Lösung gegen Fahrverbote: OB Schostok spricht sich für Umquartierung aus

 

Nach jahrelangem Stillstand und weitläufiger Ratlosigkeit, kündigt sich nun ein Durchbruch an. Statt Fahrverbote auszusprechen, setzt die Stadt auf Umquartierung.

Wenn wir den Verkehr nicht sauber bekommen, müssen wir die Menschen „von der Straße wegholen“, erklärt der Oberbürgermeister die ungewöhnliche Maßnahme.

Von „Wohnverboten“ will Schostok allerdings nichts wissen. Es handele sich lediglich um „vorsorgliche, temporäre Ausquartierungen,“ die sich zudem auf besonders belastete Straßenzüge beschränken werden, so der Oberbürgermeister. Im Gespräch sind neben der Marienstraße und der Göttinger Straße auch die Podbielskistraße in der List.

Statt der wirkungslosen Umweltzone, will die Stadt diese Straßenzüge zu Mobilitätszonen erklären. Durch den Wegfall der Wohnungen könnten Fußwege für den Kraftverkehr freigegeben und der Verkehrsfluss ins Zentrum verbessert werden.
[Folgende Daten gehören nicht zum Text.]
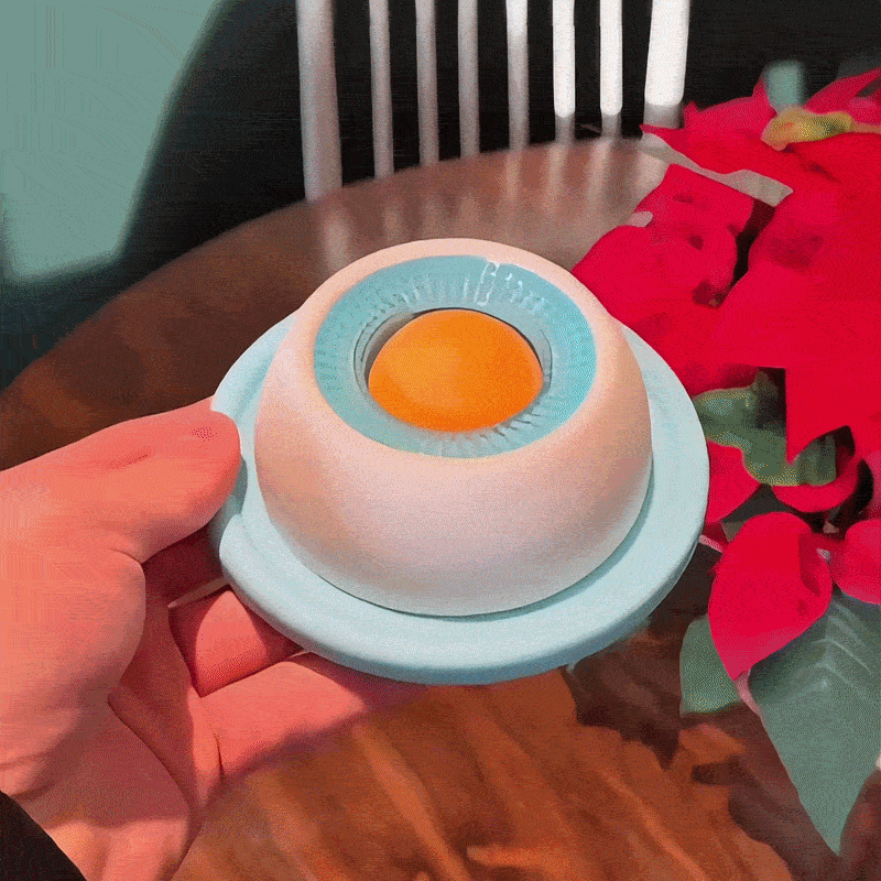 Stabilna podstawa utrzymuje produkt na miejscu, a zamknięta konstrukcja uniemożliwia jego rozgryzienie.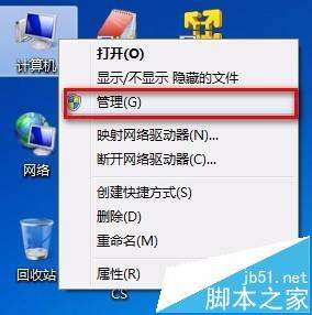 (1)右击桌面上“计算机”图标,选择“管理”;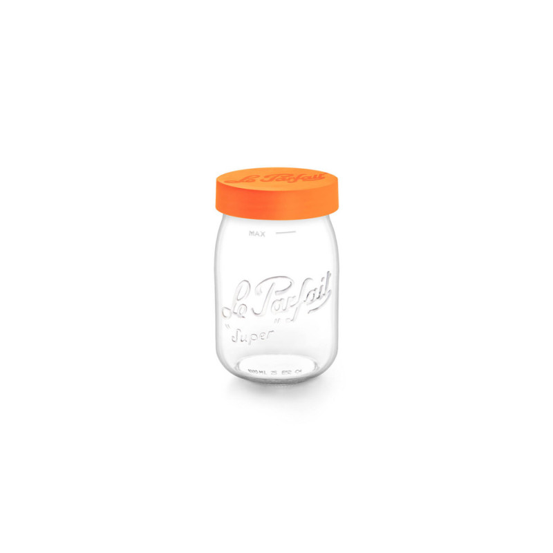 Le bocal en verre Color Vis de la marque Le Parfait est idéal pour la conservation du vrac et la fermentation. Son couvercle affiche une belle finition de couleur orange et présente une contenance de 1 L.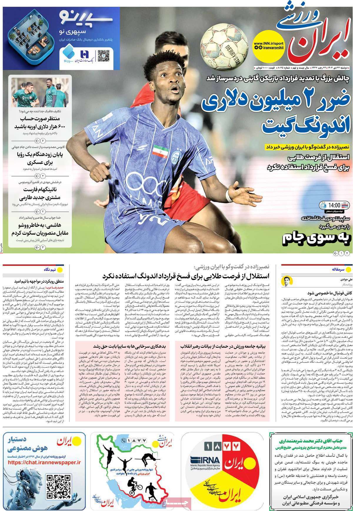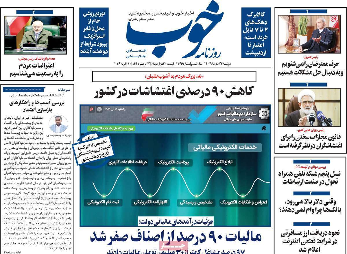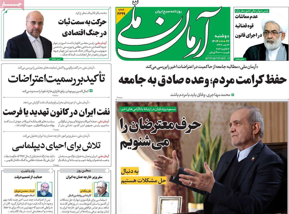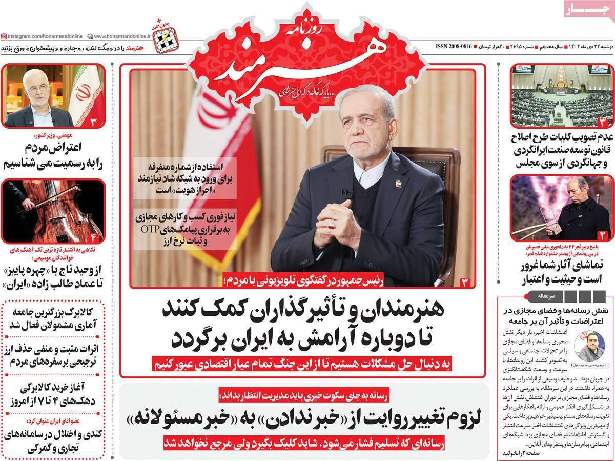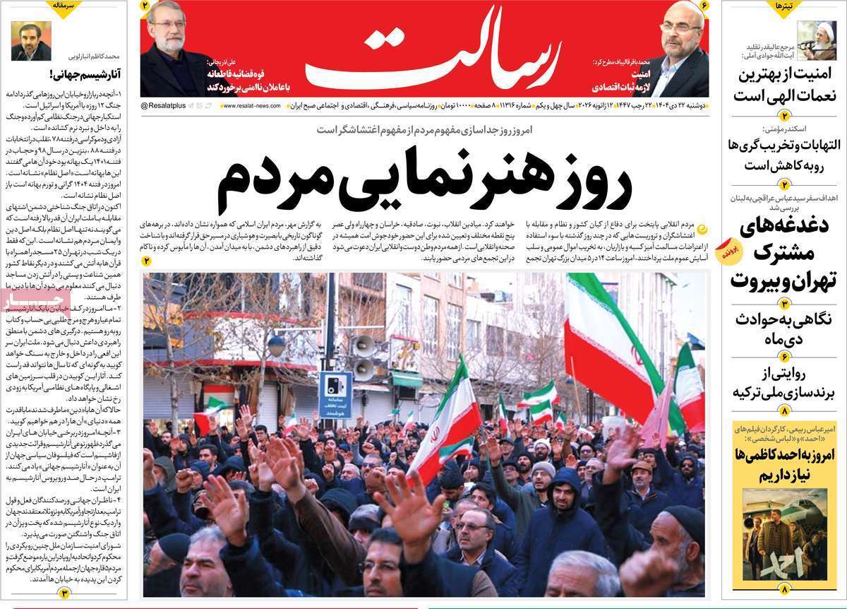صفحات نخست روزنامههای دوشنبه ۲۲ دی ۱۴۰۴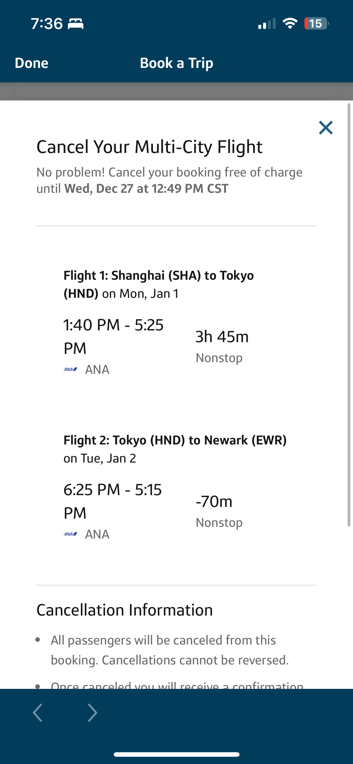 第二个DP(对,300刀还是没花出去,继续买)是美国东部时间12月23日晚买了1月1日回美的票,在日本停留一天,现金900多刀一个人。今天试着点了下取消,显示可以在27日中午前免费取消。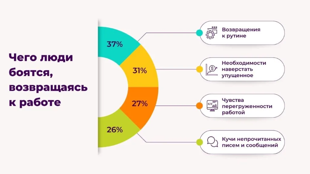 Среди того, что вызывает такую тревогу, участники опроса отметили, например, страх того, что ты пропустил важное решение, которое было принято во время их отсутствия. И потерю контроля над своими проектами. И срывание сроков по каким-то проектам. И просто «послеотпускную хандру».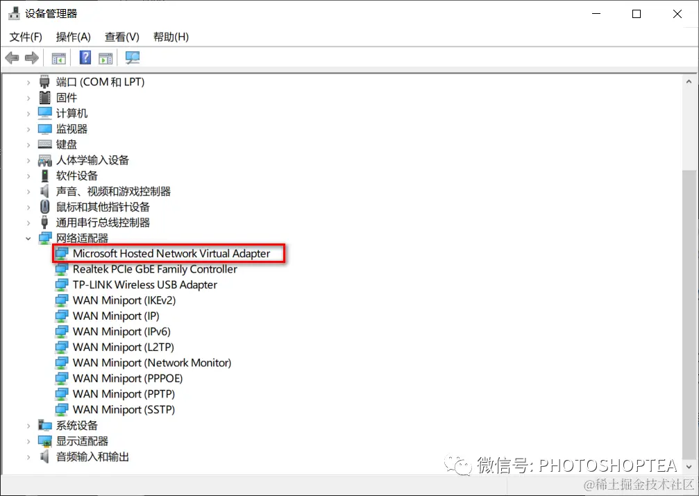 5、右键点击“开始”按钮,选择“设备管理器”,确认“网络适配器”下是否多出一个虚拟网卡:Microsoft Hosted Network Virtual Adapter。
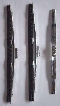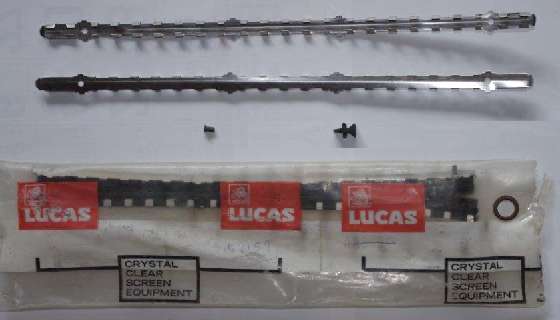 Above right: Original MGA wiper blade holders. Lucas (chrome on brass- "Rainbow" pattern for curved glass). A pair of NOS with 9 inch blades (ideal for the bigger screen on the Coupe).

Eine neue App soll den Autofahrern zeigen, welche Gehwege für den Autoverkehr freigegeben sind. Eine solche „proaktive Verkehrssteuerung“, so die Umweltdezernentin Tegtmeyer-Dette, wird es dreckigen Dieselfahrzeugen auch zukünftig erlauben, bis ins Zentrum zu fahren. Davon verspricht sich die Stadt auch positive Auswirkungen für den Handel.
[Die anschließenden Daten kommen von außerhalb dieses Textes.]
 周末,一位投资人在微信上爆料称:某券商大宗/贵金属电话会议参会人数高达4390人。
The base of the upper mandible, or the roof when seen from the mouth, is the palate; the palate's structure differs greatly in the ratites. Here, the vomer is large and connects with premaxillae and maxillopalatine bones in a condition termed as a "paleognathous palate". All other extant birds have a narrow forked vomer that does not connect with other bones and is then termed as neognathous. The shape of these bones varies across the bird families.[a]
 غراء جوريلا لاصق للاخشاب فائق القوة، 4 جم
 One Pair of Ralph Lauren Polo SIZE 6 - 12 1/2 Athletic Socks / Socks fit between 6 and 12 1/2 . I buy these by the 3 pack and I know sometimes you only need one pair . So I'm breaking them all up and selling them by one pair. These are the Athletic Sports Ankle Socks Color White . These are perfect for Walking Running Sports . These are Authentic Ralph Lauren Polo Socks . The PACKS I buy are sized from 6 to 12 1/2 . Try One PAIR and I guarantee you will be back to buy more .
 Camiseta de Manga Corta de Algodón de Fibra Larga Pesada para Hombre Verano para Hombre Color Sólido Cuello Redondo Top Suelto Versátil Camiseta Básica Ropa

Auch der niedersächsische Umweltminister Olaf Lies sieht im neuen Maßnahmenpaket der Stadt eine vielversprechende Möglichkeit, Fahrverbote zu verhindern. Weil an den derzeitigen Messstationen dann keine Menschen mehr wohnen, bestehe  „kein Grund für Fahrverbote“, so der Minister.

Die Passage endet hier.